Mission Impossible c’est le triomphe de la machine sur l’homme, c’est la victoire de l’électronique sur la déduction. Mission Impossible c’est surtout plusieurs générations de détectives du Vieux continent, de Sherlock Holmes en passant par Rouletabille, ridiculisées par le génie américain et sa capacité à inventer des outils efficaces au service de la lutte contre le crime et le communisme, deux fléaux de même importance pour les agents secrets affiliés en douce à la CIA.
Au début de chaque épisode, un mystérieux magnétophone annonce invariablement :
« Bonjour, Monsieur Phelps. Votre mission, si toutefois vous l’acceptez… ». Le message se termine toujours par : « Si vous ou l’un de vos agents étiez capturé ou tué, le Département d’État nierait avoir eu connaissance de vos agissements. Bonne chance, Jim. ».
Le générique devient mythique dès la première diffusion. Une allumette met le feu aux poudres sur un thème de l’immense Lalo Schifrin, star du jazz reconverti dans la musique de films.
Jim Phelps est interprété par Peter Graves, acteur aperçu au côté de Robert Mitchum dans la Nuit du Chasseur puis compagnon de captivité de William Holden dans le sombre Stalag 17 de Billy Wilder. Le comédien au jeu monolithique, expressif comme une pierre tombale, incarne parfaitement le professionnel sans états d’âme au service de son pays.

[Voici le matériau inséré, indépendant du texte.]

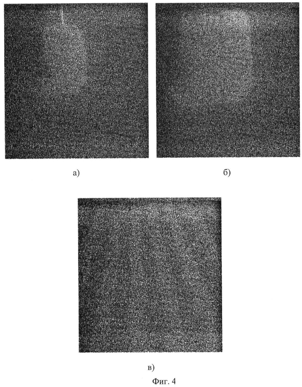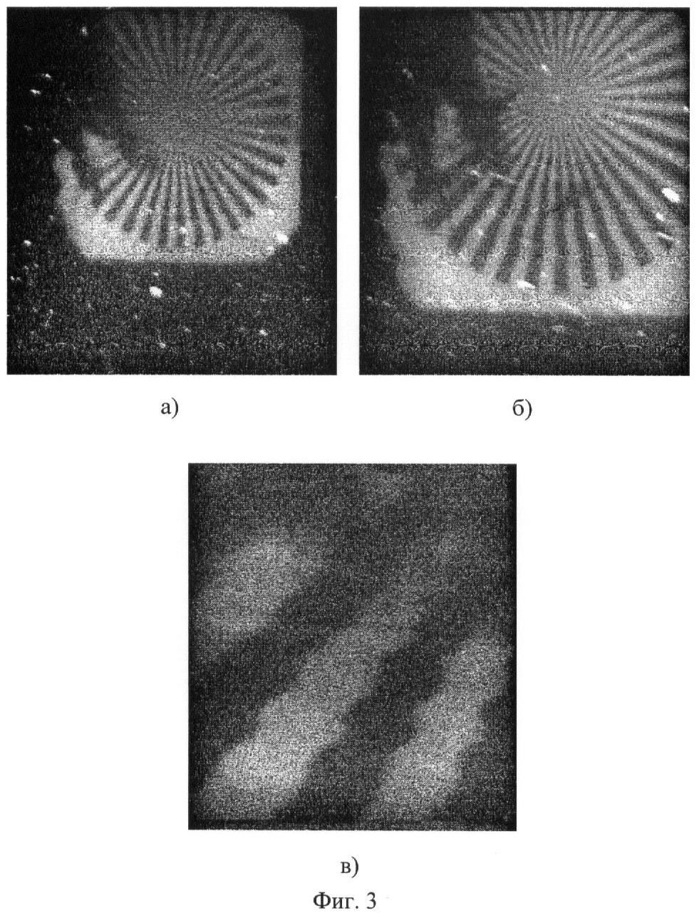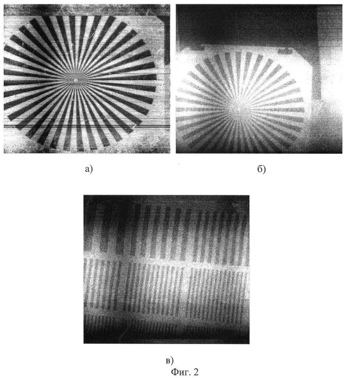 На Фиг.2 представлены изображения оптической миры, зондируемой с расстояний 15, 25, 27 м в искусственном бассейне с чистой водой, где Zб составляло 30 м. Съемка проводилась при полном отсутствии естественной освещенности (в затемненном бассейне). Детали миры отчетливо просматривались, диаметр «кружка невидимости» при LД=25 м составлял приблизительно 5 см, что соответствует разрешению R~2 см-1. Это означает, что объект с размером 5 мм различался на дальности 25 м.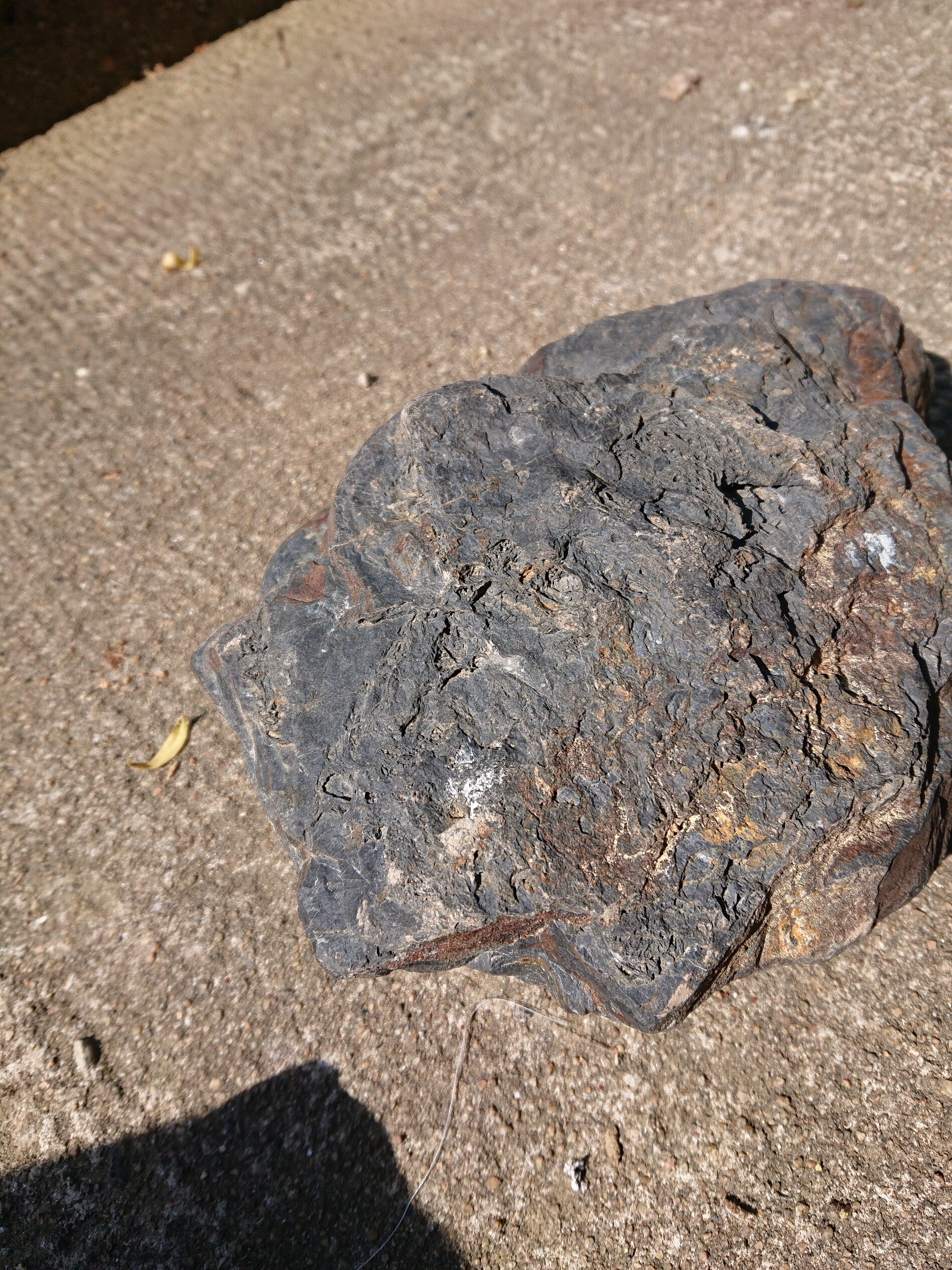 Cette pierre semble vraiment lourde comparer à d'autre roches de la même taille et sur la photos avec mon doigt c'est moi ai voulu la couper à la disqueuse pour pouvoir voir l'intérieur merci pour vos réponses.

Quand Phelps, grand blond au profil aryen, mais prêt à tout, accepte sa mission, impassible, le téléspectateur sait déjà qu’impossible n’est pas américain. Il a compris que le méchant dictateur de Bulgavie qui tyrannise son peuple finira derrière les barreaux et que, deux minutes avant le générique de fin, l’équipe de Phelps aura placé un allié des USA à la tête de la Bulgavie afin que tout soit pour le mieux dans le meilleur des mondes possible.
La moralité de l’histoire c’est qu’à la fin l’Amérique gagne toujours, n’en déplaise au Général de Gaulle qui a retiré son pays de l’OTAN en mars 1966, six mois avant le début de la série.
Vous avez compris que, politiquement, la série Mission Impossible penche sérieusement à droite, du côté de l’aigle républicain, rapace quelque peu déplumé, aigri par le désastre vietnamien mais ragaillardi par une guerre froide où les espions de l’oncle Sam font preuve d’une belle détermination face aux tueurs du KGB.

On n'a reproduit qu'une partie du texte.